Turn the dough out onto the counter (avoid flouring) and cut into four pieces. Flour four pieces of greaseproof paper. Roll each piece into a sausage as best you can and the stretch the sausage out into a rectangle – as large as you want your loaf. Place the rectangles on the floured greaseproof papers and dimple them vigerously with your fingertips so that they don’t rise too much. Cover wtih damp towels and let rest for 1.5-2 hrs until they are puffy but not doubled. If you let them rise too much, the crumb will come away from the crust during the baking period. To that end, after and hour turn the oven on to 230 degrees C.
If you have a baking stone, great. Put it in and then pull it out, sprinkle cornmeal all over it and carefully invert the loaves onto the stone. Bake for 20-25 minutes. If you don’t have a stone, heat up a baking tray and sprinkle it with corn meal before placing the loaves on it. In both cases, spray the loaves with water before you put them in the oven.
* to make a biga:
3 grams dry yeast (6 grams fresh)
250 mls warm water
330 g 00 flour
Proof the yeast and then knead until a slightly sticky dough is formed. No requirement to knead thoroughly. Cover well and let sit for 12 hours until you use it. This makes 580 grams. Put the left over in an airtight container and pop it in the fridge. Use it within a few days to any loaf of bread to add flavour and character.
9 g dry yeast (18 g fresh)
575 ml warm water
2 tablespoons olive oil
1 kg 00 flour
15 grams salt
Proof the yeast in a bit of the water and then add the rest of the water and the oil and blend well. Knead the dough for a good ten minutes. It should be velvety and elastic.
Let the dough rest for 1-2 hours until it has doubled.
Tip the dough out onto the (unfloured) counter and divide into two or three pieces depending on how big you want the focacce. Oil your containers well – round, square, or rectangular, shallow baking trays that are about 1.5-2 inches (5 cim) deep. Roll out our dough to fit the containers and then place them in the containers and cover with damp towels for 30 minutes.
Dimple the dough and let rise for 2 hours. After 90 minutes, pre heat the oven to 200 degrees C.

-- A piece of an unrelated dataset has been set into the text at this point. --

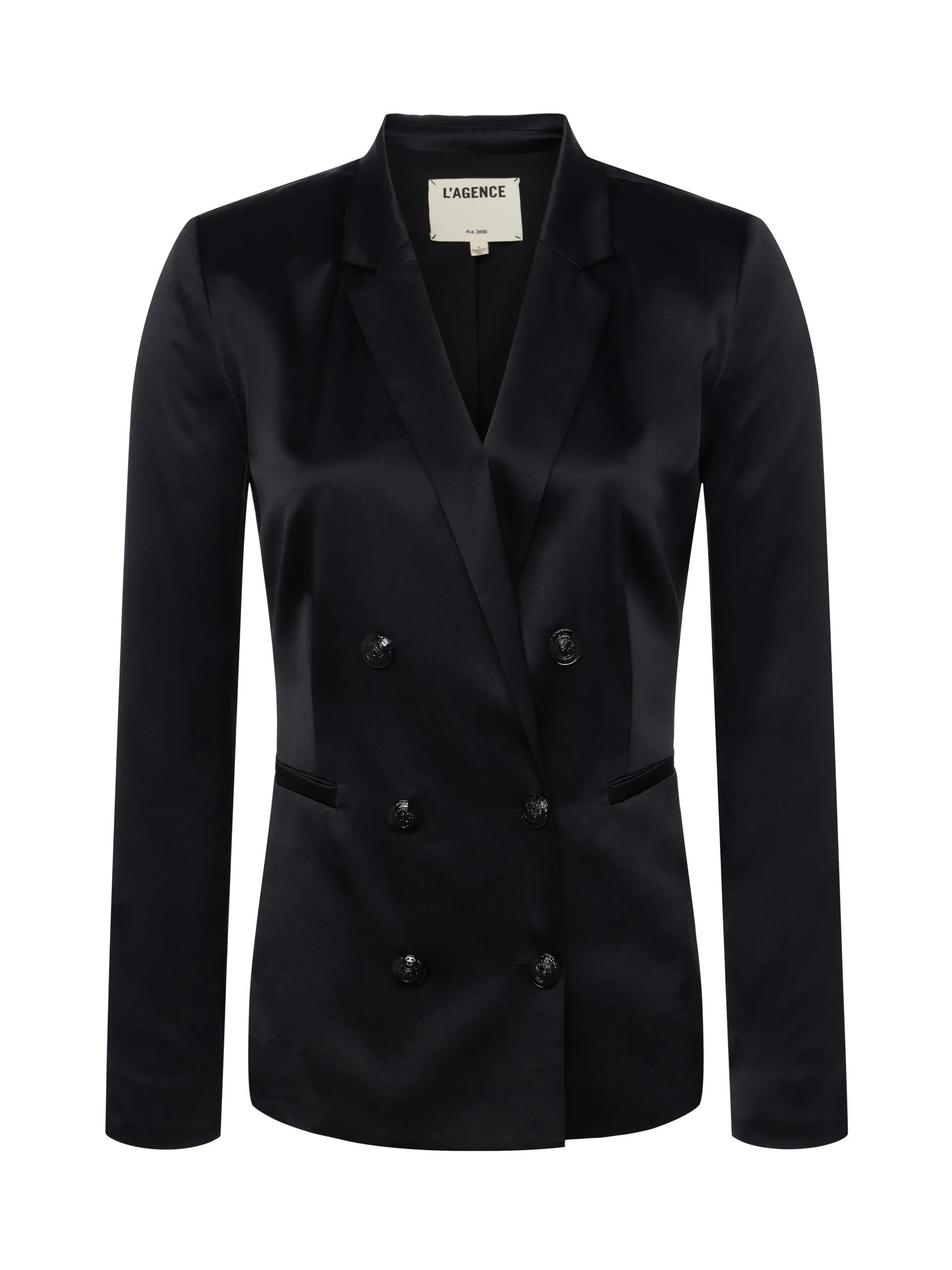 A timeless double-breasted blazer in black silk charmeuse. The fully lined Colin blazer offers tailored appeal with strong shoulders, sleek lapels, and welt pockets. Fastens in front with lustrous embossed-dome buttons. Complete your power suit by pairing with the coordinating Gavin pant. Style No. 1485CHM-BLAC DETAILS & FIT - Model Details: Height: 5’9” | Bust 32” | Waist 24” | Hips 35” | Shoe 7 | Wearing Size 2 - About 26.75" From Shoulder to Hem - Sleeve Length: 24.25" MATERIALS & CARE Composition - 100% Silk - Imported
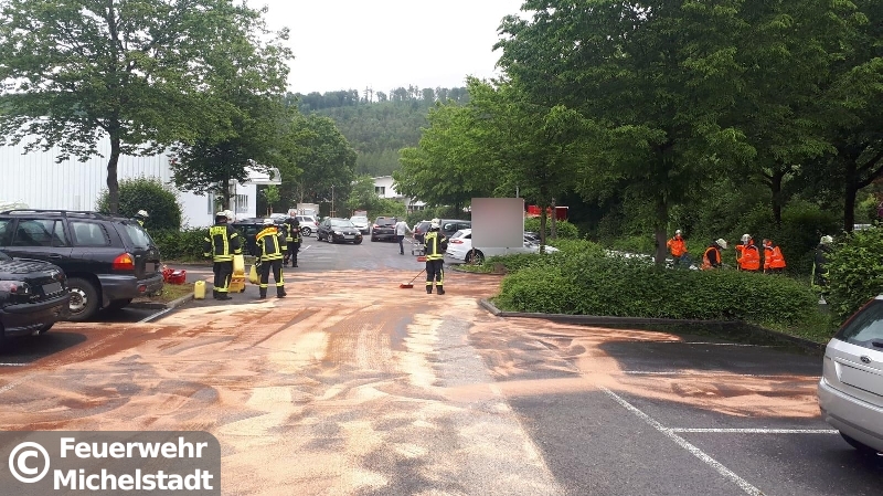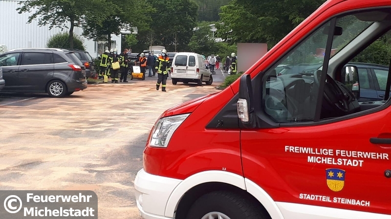 Gemeldet war eine Ölspur in der Abfahrt B45 / Walther-Rathenau-Allee. Nach der Erkundung bestätigte sich die Lage. Zudem waren große Teile eines Parkplatzes betroffen, weshalb die Feuerwehr Steinbach nachalarmiert wurde.

Top with olive oil and salt or fresh sage or tomatoes or whatever you want. Only 2-3 tablespoons of oil per focacce.
Place the baking trays with the bread in them on to a hot stone or hot baking tray (you have heated in the oven) and bake for 20-25 minutes. When they are done, immediately invert them onto cooling racks so they don’t get mushy. Eat them at room temperature the same day you bake. They don’t keep.